I liked the 1984-ish Engine faction (and Lowry's final end was
extraordinarily appropriate). I didn't as much like Liv, the
main character, who is confident, but rarely very effective.
"We did not come to the service of the Gun because we wanted to enjoy
victory, but because we wanted to lose magnificently." Three and
three quarters stars - imperfect but compelling.
- # After the Funeral (by Agatha Christie)
- I really like Agatha Christie. This isn't one of the greats, but
it's quite good. Lots of actual investigating, and even
a subcontractor
private investigator (!) generating data, so there are tons of red
herrings to add to the clues for Poirot to think about. While it is
all about the puzzle, I enjoy the characters too, even if they're kind
of caricatures. They're not bland, certainly. Three and a half well-crafted stars.
- # Song of Ice and Fire (by George R. R. Martin)
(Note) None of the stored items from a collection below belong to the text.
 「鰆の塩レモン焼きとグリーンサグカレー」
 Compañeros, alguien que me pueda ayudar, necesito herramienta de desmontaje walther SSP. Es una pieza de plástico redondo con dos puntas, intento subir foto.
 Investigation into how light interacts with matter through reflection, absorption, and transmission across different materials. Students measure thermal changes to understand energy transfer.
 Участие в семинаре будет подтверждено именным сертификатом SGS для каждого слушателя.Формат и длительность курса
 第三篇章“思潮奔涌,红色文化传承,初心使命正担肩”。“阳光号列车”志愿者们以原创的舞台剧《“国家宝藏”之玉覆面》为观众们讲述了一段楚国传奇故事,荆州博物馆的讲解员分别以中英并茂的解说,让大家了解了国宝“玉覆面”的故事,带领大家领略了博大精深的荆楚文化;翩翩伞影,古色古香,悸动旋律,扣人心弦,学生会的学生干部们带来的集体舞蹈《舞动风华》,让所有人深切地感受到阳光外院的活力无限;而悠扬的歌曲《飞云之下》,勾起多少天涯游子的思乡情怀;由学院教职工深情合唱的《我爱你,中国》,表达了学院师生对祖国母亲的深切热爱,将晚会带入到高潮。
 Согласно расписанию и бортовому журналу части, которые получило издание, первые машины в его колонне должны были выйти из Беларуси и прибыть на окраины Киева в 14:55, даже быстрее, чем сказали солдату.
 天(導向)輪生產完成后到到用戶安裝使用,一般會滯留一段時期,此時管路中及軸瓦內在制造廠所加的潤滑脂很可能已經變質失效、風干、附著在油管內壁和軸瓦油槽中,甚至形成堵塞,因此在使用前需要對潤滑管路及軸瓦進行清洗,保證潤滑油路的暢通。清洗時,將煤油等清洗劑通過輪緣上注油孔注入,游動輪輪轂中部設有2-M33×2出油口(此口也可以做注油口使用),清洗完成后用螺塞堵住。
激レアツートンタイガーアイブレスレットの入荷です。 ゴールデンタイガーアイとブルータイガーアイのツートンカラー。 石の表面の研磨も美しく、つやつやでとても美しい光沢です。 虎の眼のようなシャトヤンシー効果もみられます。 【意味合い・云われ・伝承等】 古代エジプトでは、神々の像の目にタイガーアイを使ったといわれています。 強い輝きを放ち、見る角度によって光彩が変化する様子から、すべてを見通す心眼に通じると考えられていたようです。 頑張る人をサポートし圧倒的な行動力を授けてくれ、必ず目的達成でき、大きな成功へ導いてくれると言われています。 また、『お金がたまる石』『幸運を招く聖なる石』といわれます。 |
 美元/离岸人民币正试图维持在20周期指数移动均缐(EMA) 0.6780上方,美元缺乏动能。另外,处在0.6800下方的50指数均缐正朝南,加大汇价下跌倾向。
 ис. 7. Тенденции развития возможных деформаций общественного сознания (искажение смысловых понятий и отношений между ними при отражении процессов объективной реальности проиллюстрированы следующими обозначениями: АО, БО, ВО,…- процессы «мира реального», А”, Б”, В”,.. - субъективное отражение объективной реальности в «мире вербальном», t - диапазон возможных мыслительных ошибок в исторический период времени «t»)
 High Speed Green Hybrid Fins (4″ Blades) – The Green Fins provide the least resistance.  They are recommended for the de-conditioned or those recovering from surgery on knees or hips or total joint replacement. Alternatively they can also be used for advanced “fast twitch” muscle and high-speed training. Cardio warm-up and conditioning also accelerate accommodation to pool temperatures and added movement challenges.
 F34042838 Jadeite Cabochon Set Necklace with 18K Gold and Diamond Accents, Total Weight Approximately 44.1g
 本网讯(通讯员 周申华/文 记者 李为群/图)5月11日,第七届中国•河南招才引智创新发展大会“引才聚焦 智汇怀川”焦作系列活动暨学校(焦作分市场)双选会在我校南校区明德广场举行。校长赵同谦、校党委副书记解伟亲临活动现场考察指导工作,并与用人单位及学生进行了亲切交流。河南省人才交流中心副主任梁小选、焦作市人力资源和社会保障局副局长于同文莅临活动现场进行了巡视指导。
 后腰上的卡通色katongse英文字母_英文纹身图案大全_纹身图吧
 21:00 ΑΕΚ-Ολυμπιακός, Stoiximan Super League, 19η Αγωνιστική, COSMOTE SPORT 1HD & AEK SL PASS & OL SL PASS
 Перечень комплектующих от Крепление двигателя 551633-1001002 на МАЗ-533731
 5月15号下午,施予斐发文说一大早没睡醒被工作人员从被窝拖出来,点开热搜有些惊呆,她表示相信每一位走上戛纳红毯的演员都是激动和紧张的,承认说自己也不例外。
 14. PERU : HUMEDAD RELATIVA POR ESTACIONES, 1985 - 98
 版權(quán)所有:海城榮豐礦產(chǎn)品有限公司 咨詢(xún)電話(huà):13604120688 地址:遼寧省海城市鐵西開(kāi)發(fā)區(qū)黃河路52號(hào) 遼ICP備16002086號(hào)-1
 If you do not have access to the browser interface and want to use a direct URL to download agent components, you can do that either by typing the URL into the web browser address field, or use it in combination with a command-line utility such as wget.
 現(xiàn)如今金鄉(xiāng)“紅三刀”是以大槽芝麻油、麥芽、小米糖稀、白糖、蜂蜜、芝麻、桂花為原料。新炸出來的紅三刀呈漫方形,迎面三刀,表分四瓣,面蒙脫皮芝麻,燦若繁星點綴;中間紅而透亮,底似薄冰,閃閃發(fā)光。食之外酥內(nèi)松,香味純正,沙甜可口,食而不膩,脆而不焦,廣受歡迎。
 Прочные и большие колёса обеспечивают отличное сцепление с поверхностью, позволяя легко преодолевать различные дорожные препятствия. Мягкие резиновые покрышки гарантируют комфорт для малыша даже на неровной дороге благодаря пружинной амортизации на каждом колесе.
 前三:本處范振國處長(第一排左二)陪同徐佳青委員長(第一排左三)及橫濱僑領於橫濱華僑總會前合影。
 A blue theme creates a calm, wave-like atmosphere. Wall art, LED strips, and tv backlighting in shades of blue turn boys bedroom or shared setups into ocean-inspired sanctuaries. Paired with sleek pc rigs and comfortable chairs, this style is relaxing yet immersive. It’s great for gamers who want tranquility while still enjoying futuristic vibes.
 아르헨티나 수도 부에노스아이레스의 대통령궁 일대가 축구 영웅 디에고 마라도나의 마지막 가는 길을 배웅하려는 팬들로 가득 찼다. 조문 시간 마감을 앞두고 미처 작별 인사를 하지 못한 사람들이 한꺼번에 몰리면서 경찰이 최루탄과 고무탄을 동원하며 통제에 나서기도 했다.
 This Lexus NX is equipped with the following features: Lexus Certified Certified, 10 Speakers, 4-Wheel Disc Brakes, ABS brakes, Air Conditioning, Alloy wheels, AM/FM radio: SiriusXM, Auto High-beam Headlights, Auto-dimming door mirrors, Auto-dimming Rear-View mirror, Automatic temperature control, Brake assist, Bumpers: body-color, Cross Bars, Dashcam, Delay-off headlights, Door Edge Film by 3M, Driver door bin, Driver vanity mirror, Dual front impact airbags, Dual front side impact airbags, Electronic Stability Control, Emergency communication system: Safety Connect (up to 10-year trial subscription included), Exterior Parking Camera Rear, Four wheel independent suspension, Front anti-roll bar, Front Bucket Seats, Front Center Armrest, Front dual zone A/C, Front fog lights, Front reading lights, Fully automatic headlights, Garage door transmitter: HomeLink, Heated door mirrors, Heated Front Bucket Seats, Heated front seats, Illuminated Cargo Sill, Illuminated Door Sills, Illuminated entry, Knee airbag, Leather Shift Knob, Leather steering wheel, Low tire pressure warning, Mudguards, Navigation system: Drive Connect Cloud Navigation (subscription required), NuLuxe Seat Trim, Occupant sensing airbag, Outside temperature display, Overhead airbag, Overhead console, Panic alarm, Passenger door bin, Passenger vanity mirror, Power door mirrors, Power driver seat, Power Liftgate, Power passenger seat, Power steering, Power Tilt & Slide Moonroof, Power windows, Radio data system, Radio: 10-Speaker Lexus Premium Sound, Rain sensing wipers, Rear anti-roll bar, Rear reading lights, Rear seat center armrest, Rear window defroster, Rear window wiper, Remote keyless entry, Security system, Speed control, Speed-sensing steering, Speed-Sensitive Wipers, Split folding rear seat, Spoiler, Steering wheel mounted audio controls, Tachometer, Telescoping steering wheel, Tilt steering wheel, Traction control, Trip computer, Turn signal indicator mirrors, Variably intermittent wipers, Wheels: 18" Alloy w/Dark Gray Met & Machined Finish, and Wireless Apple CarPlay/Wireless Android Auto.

- I re-read the first three, and read the last two. There's really no point in me reviewing it, I can't imagine anyone on the fence about whether or not to read it is going to be swayed by me now. But I did think it was funny that the "Other People's Highlights" feature on the Kindle highlighted aphorisms and grand statements in the first book, but by book five, the highlights were for clues about Jon Snow's mother and prophecies to remember for later.